§ WHAT THE TASK REQUIRES
Exact wording is needed for every line from the one holding "Toluca is an" to the end of the records below; write those lines out and omit the pictures.

§ Entries taken from a collection
BEGIN

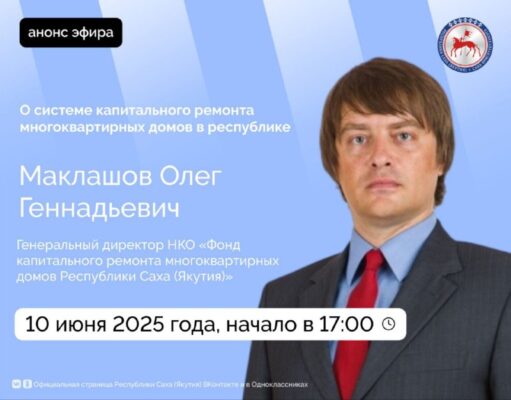 Во вторник, 10 июня 2025 года, генеральный директор НКО «Фонд капитального ремонта многоквартирных домов Республики Саха (Якутия)» Маклашов Олег Геннадьевич проведет прямой эфир на официальных страницах Администрации Главы и Правительства республики в социальных сетях «ВКонтакте» и «Одноклассники».
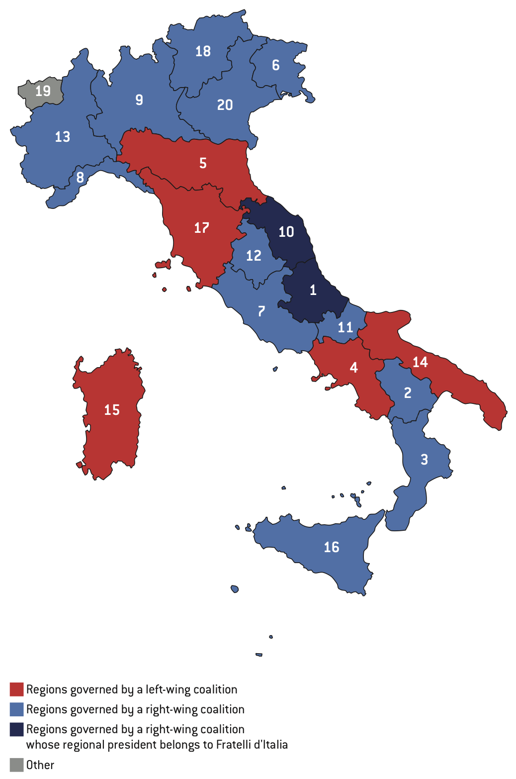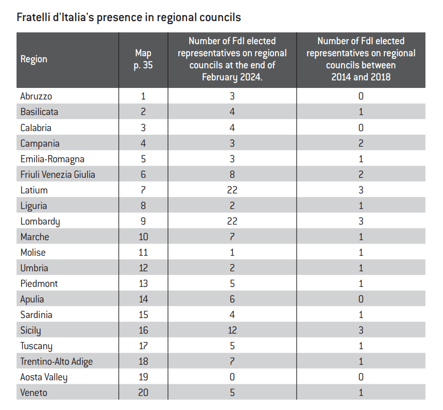 The same pattern is repeated, in simplified form, at local level, confirming the strongly hierarchical nature of the party, inherited from the tradition of the MSI and Alleanza Nazionale. As Vassallo and Vignati write, Fratelli d’Italia’s structure “is driven by the leader and the national executive”. The presidents and regional coordinations are structures dependent on this center: “they act in accordance with the movement’s national directives36“.
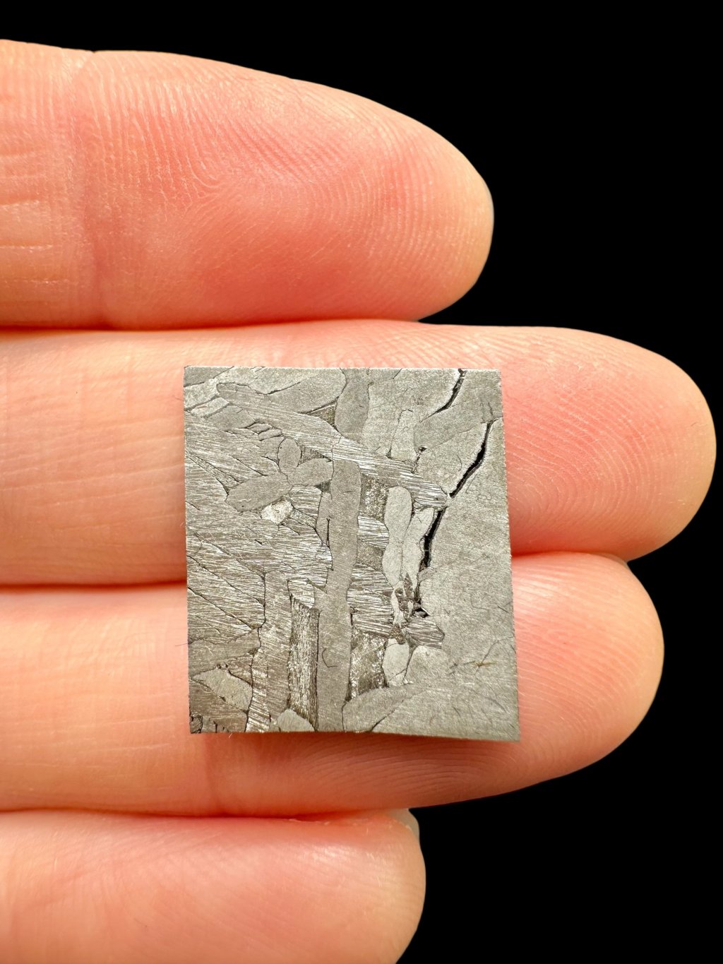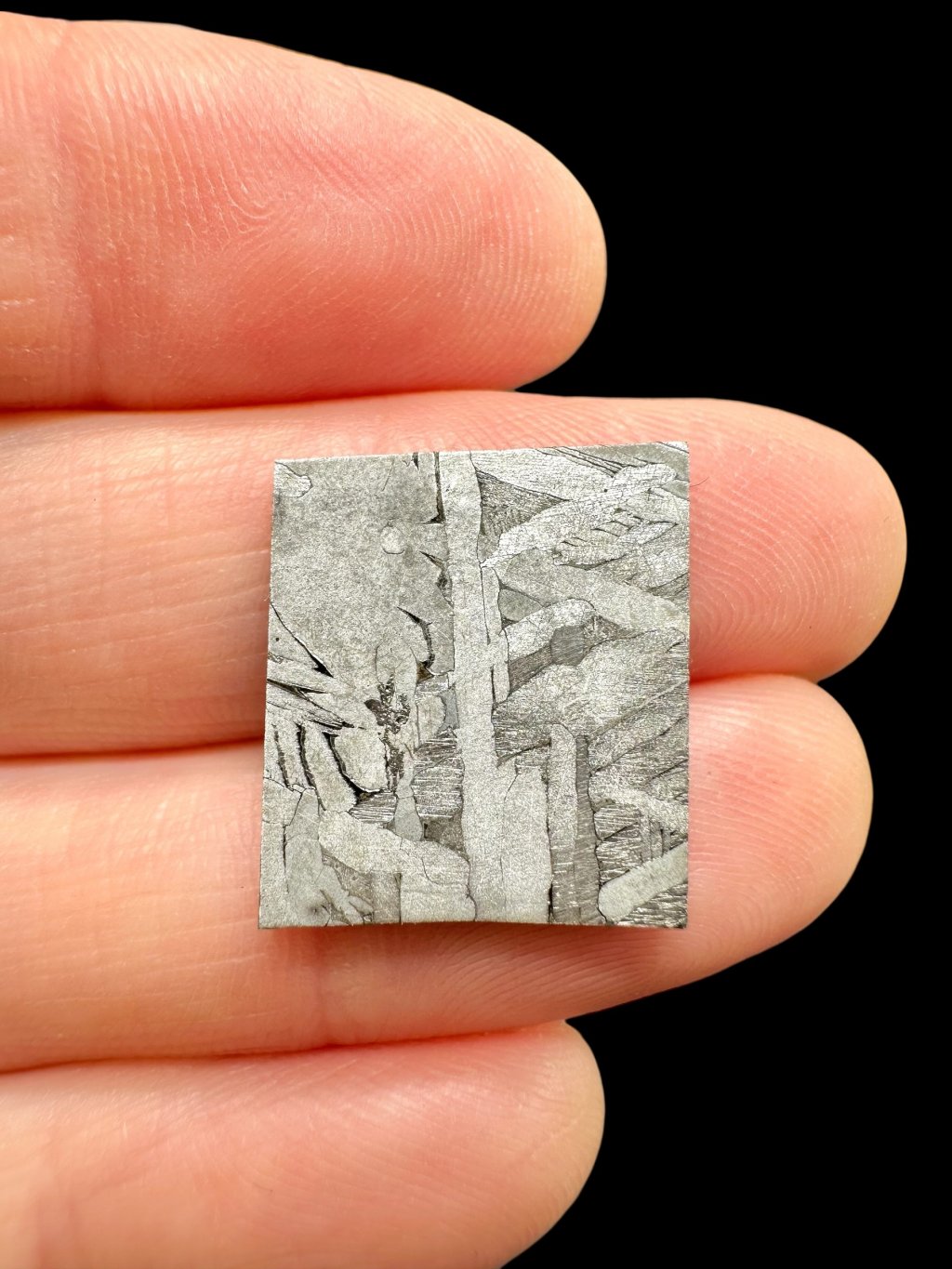 Toluca is an iron meteorite that belongs to the group of octahedrites, specifically to the chemical group IAB, and falls into the sLL subgroup (subgroup Low-Au, Low-Ni), which means it contains lower amounts of gold and nickel compared to other IAB meteorites. Nevertheless, it retains a sufficiently high content of iron and other metals to give it a distinct metallic silver color. When etched and polished, it reveals so-called Widmanstätten patterns, which are typical crystalline structures that form during the very slow cooling of metal in space. Due to its high iron content, it is very heavy, so even a relatively small fragment can have a surprisingly large mass. In addition to iron and nickel, it also contains smaller amounts of other minerals such as graphite or troilite, which sometimes form small inclusions in the material.
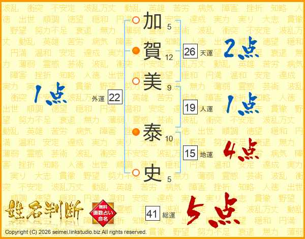 加(5画)賀(12画)美(9画) 泰(10画)史(5画)
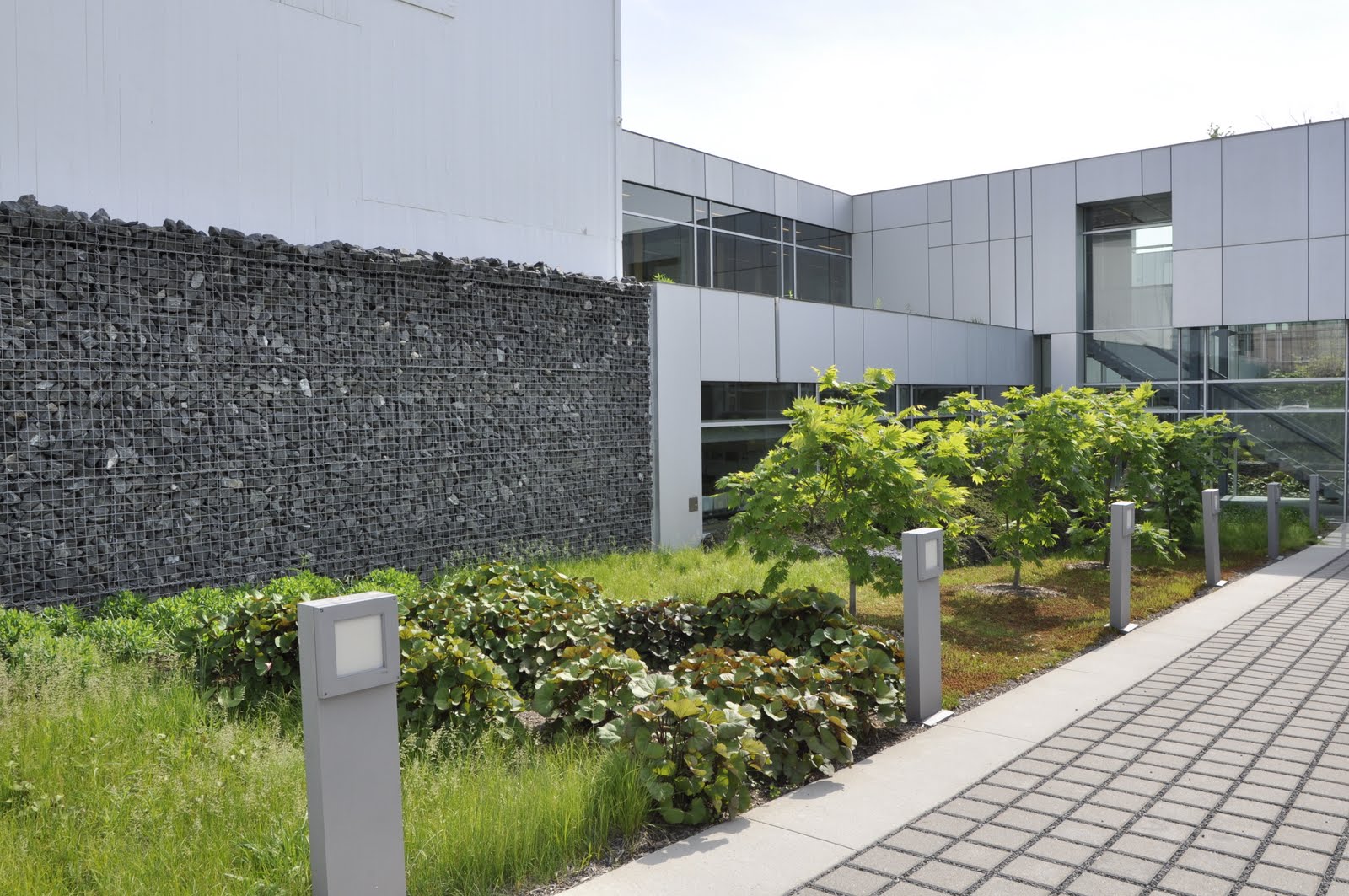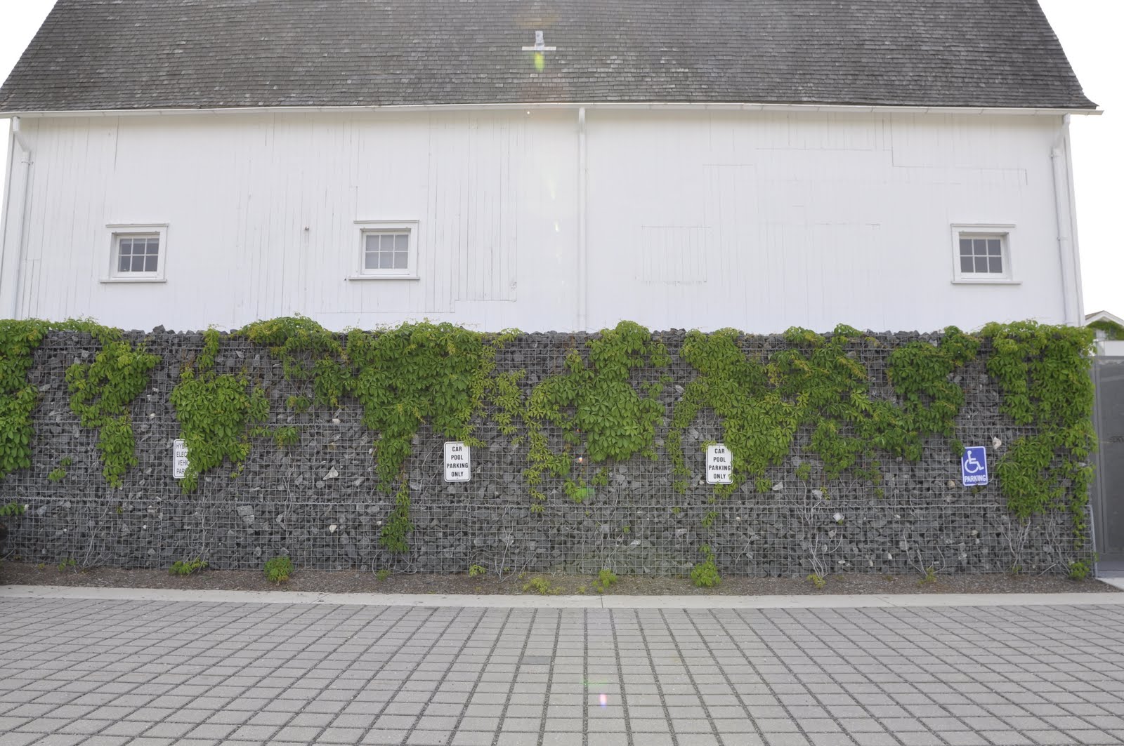 Showcase of the new building mixed with the historic red barns. The cages filled with stone act as retaining walls. These are often used on shore lines to stop eroding. |

END

§ TASK ANSWER
 Toluca is an iron meteorite that belongs to the group of octahedrites, specifically to the chemical group IAB, and falls into the sLL subgroup (subgroup Low-Au, Low-Ni), which means it contains lower amounts of gold and nickel compared to other IAB meteorites. Nevertheless, it retains a sufficiently high content of iron and other metals to give it a distinct metallic silver color. When etched and polished, it reveals so-called Widmanstätten patterns, which are typical crystalline structures that form during the very slow cooling of metal in space. Due to its high iron content, it is very heavy, so even a relatively small fragment can have a surprisingly large mass. In addition to iron and nickel, it also contains smaller amounts of other minerals such as graphite or troilite, which sometimes form small inclusions in the material.
 加(5画)賀(12画)美(9画) 泰(10画)史(5画)
 Showcase of the new building mixed with the historic red barns. The cages filled with stone act as retaining walls. These are often used on shore lines to stop eroding. |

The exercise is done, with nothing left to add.